I am curious about the number of cores and threads RT uses efficiently. I know that PS and LR use not more than 4 cores. The use of a processor with 6 or more cores actually slows both these programs down when processing an image
I believe it is properly multi threaded, so all of them.
Most of the tools in RT make use of all available cores. Whether they do this efficiently also depends on the number of cores and the sorrounding hardware. For example my old 8-core FX8350 scales well when using the expensive CIECAM02 tool, but using simpler tools it’s limited by memory bandwidth (the memory in my old 8-core is simply not fast enough to feed all 8 cores with data for the simpler tools).
There also is at least one tool which doesn’t use all available cores (the non HDR Tonemapping, which uses 8 cores for some processing steps, but only one core for other processing steps).

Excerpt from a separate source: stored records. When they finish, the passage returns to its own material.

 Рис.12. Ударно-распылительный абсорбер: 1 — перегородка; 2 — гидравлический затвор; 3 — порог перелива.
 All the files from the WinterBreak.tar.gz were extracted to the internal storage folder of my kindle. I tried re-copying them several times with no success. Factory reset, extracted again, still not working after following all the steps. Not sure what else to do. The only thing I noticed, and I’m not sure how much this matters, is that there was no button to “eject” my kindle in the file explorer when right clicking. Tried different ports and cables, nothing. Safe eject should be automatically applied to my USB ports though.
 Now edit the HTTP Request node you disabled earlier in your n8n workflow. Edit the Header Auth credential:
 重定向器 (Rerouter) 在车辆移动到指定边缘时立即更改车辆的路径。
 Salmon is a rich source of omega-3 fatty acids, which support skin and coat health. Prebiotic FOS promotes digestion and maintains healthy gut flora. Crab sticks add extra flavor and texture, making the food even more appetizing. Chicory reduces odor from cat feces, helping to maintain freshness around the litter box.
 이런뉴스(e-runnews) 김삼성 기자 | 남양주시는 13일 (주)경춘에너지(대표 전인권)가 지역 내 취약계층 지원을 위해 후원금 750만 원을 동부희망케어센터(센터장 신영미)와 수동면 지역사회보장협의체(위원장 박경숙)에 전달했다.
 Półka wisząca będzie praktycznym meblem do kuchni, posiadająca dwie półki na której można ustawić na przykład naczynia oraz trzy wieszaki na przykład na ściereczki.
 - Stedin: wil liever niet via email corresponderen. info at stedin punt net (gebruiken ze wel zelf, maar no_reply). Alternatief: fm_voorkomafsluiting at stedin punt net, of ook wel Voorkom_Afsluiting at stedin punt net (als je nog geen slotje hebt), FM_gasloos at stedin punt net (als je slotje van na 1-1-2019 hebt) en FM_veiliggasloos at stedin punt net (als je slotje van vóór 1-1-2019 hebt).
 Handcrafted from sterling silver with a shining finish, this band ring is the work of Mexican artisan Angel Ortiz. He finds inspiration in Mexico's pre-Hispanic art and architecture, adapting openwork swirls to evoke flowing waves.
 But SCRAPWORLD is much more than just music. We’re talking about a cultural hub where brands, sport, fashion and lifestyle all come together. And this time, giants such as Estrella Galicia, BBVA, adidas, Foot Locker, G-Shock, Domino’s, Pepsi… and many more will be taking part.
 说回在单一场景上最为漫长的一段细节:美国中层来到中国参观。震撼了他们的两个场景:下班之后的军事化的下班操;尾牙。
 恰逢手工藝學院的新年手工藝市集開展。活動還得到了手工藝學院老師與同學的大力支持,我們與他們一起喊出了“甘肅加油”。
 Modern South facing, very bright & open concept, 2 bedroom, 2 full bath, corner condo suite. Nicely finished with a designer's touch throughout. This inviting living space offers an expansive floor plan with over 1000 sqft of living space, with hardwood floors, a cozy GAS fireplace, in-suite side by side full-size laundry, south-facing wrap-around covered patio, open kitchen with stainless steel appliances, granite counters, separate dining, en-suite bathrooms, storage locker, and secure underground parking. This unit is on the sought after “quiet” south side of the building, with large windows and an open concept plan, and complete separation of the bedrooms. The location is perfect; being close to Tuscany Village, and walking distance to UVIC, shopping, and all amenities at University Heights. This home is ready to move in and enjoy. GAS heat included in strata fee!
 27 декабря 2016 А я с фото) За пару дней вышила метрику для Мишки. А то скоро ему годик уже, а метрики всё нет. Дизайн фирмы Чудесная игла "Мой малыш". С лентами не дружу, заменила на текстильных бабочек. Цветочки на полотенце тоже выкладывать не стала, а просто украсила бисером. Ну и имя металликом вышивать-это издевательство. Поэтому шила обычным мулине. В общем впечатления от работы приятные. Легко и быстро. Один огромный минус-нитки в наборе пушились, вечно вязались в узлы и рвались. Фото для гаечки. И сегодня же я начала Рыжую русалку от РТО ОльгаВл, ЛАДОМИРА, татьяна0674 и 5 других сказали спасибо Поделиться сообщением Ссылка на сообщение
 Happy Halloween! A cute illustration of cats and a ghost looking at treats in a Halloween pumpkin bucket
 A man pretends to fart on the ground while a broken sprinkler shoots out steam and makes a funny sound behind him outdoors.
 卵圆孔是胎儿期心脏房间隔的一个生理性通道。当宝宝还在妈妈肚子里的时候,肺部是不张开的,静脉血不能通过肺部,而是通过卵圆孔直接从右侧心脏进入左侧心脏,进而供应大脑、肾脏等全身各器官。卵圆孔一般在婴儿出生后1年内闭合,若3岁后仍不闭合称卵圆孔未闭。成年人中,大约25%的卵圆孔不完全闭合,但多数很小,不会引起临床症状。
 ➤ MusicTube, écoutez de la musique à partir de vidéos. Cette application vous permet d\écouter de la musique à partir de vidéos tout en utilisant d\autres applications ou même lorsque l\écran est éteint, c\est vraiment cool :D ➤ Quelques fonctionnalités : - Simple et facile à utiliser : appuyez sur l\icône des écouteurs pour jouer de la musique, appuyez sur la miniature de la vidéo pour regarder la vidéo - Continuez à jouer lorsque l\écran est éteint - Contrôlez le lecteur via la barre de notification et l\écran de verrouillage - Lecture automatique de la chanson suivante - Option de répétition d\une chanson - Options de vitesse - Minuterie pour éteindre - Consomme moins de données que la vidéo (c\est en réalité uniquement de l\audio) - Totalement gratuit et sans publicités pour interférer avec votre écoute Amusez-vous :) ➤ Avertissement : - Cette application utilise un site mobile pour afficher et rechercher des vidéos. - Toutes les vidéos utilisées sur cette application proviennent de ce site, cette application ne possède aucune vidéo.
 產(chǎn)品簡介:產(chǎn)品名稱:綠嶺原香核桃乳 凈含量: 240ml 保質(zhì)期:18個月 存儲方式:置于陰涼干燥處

The decoding (not to confuse with the demosaicing) of some raw formats (arw for newer sony cameras, Fuji compressed, floating point DNG from HdrMerge, and Phase One) also use all cores, but is limited by IO, means if the file is already in OS filesystem cache or on a really fast SSD, it will scale well.
The other decoders are mostly single threaded (Canon CR2 deoder uses 2 cores)
The most important demosaicers (amaze, igv, lmmse, vng4, rcd, dcb, xtrans, fast) also use all cores, while some older ones (eahd, …) still use only one core.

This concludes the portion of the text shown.